I have reliably upgraded Mint in place the last, dunno, 5-6 major releases or so, works exactly as well as Ubuntu’s
@jherazob That’s great, my experience has not gone as smoothly, I’ve ended up with dependency loops that in spite of my best efforts, I could just not readily resolve. Things like there is a new version of python required by the new apt, but it installed the apt before the python, so now I’m stuck with a system that has a new version of apt but old version of python, thus apt won’t work to install the new python manually. I’ve not encountered this with Ubuntu but more than once with Mint, like I said my success rate with Mint has been around 50/50.
Mint has a more noob friendly approach with almost everything having a ui and it is Ubuntu under the hood so there wouldn’t be extra to learn after switching. Popularity wise mint is one of the best stable distros with Ubuntu as its base with community support as well so if you have doubts you can most probably find the answer just by searching
If you’re already using Ubuntu, I don’t think it’s worth it. They’re fairly similar. Then again, I didn’t even get to install Ubuntu in the first place, the installer kept crashing.
Unless the laptop is a potato and you don’t have a better computer, you can try Mint, or any other distro in a VM to see for yourself.
And welcome to Linux. If someone recommends you Arch Linux, Gentoo or LFS as other newbie-friendly option, it’s a joke.

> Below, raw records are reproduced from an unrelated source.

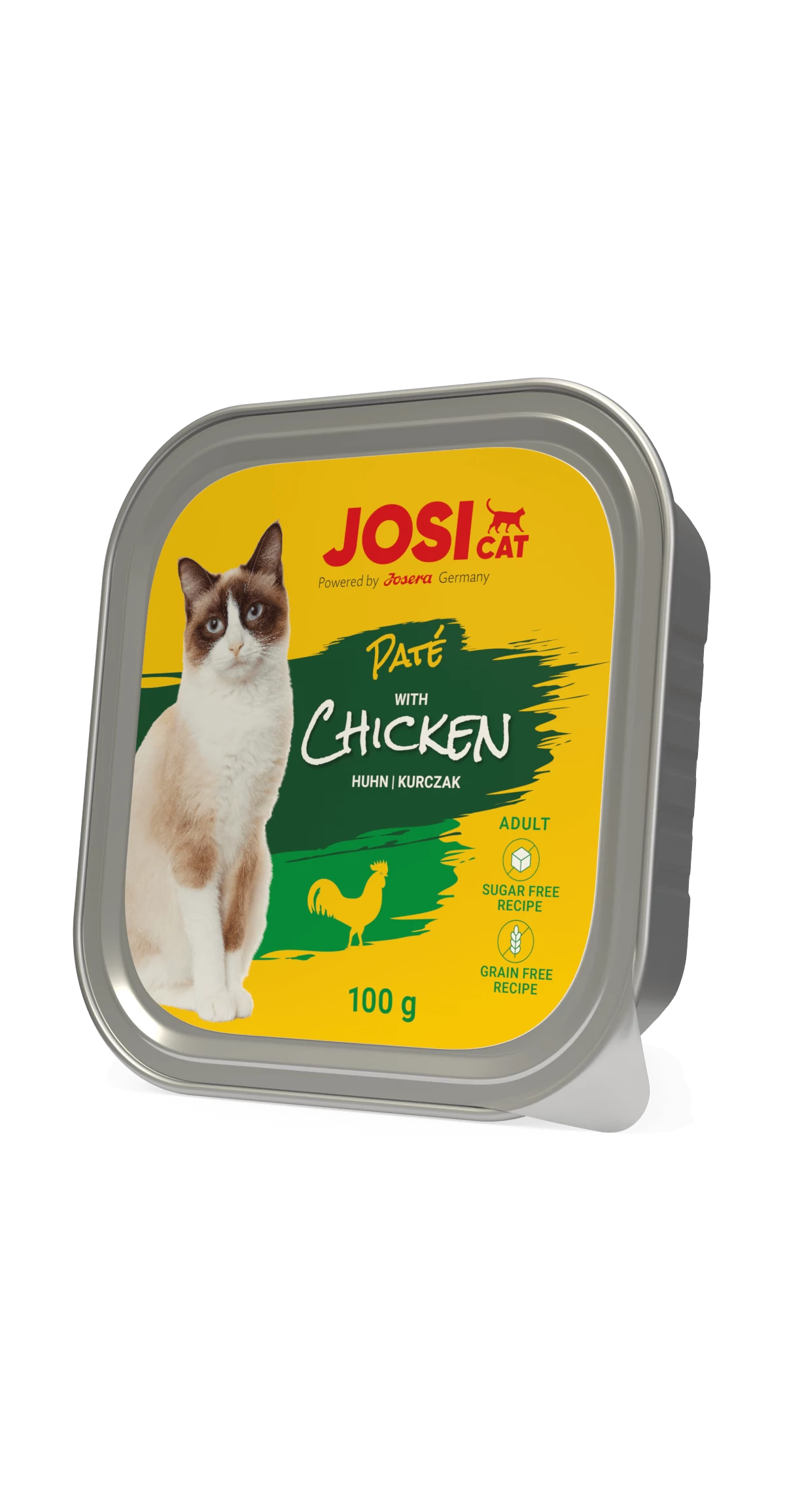 A JosiCat Paté Alu Chicken egy prémium minőségű, zamatos pástétom csirkével felnőtt macskák számára. |
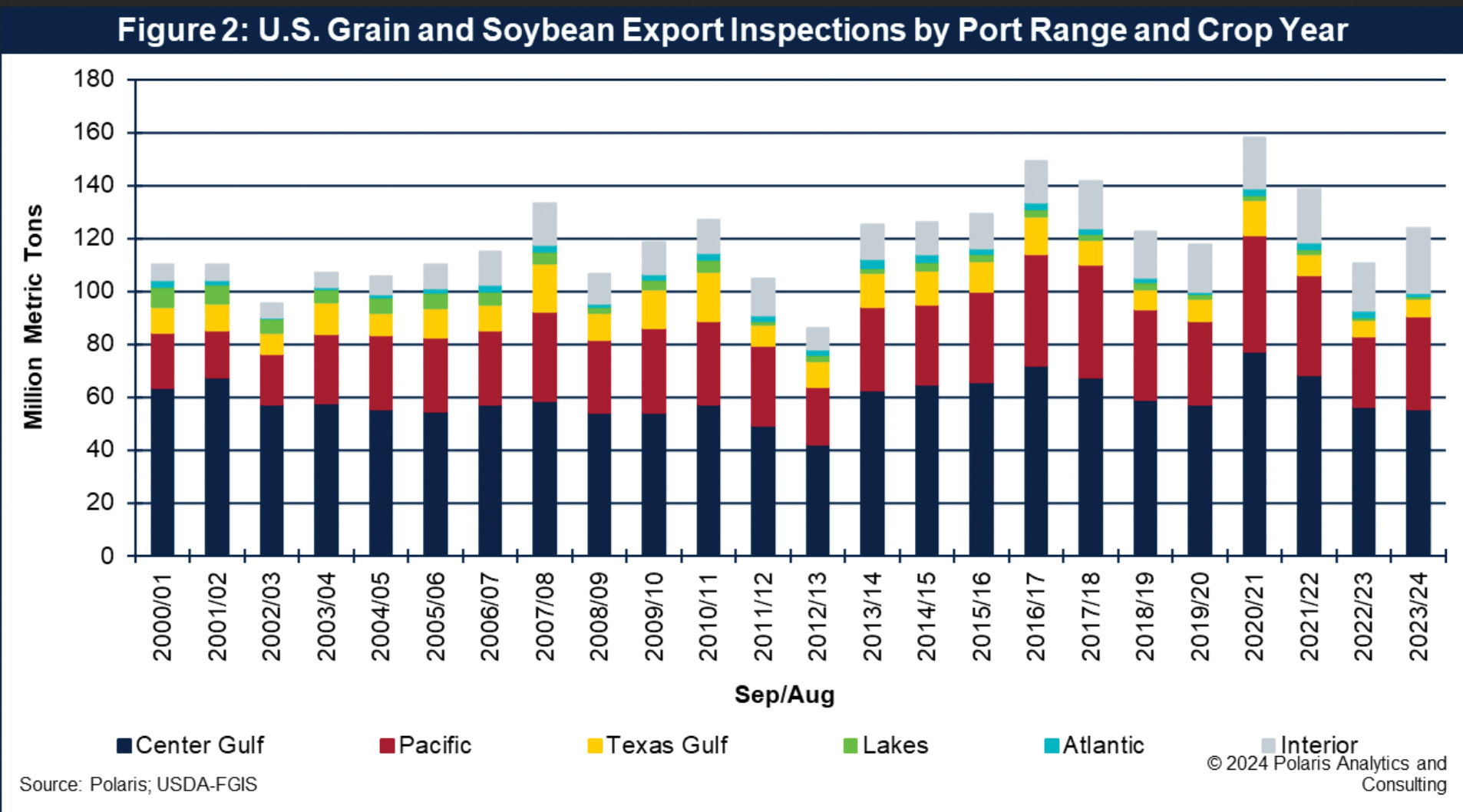 Grain and soybean exports by port range are shown in Figure 2.
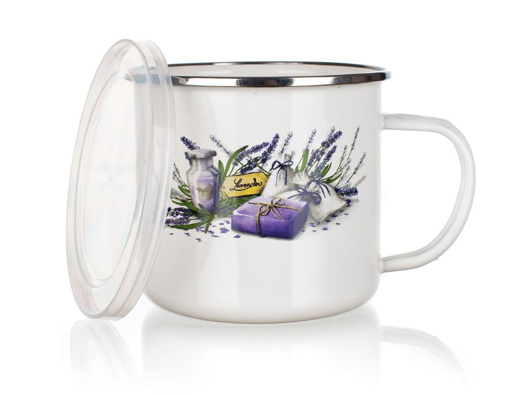 Smaltovaný hrnek LAVENDER 0,5 l s plastovým víčkem.
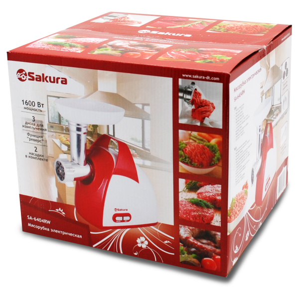 Мясорубка электрическая, 1600 Вт, с функцией реверса, насадками "кеббе" и для приготовления сосисок, с тремя режущими дисками в комплекте
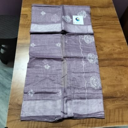 Be the first to review “Lavender Grey Embroidery Linen Saree – Elegant Office Wear & Minimalist Style”

Thank you for the reply. Nobody has recommended Arch Linux, Gentoo or LFS, yet lol. But Im happy I switched from Windows to Linux. However, Ubuntu is taking me a bit to get used to. It took me a few days to get Ubuntu to even work. Thankfully, I don’t have anything on my laptop. I kept it blank for a reason to fly around and try out this OS.
It’s like a favourite drink, there’s no correct choice.
I quite like xubuntu. I know that linus tech tips recommended mint to people coming from windows.
Many have a live USB option, that’s great for trying them out.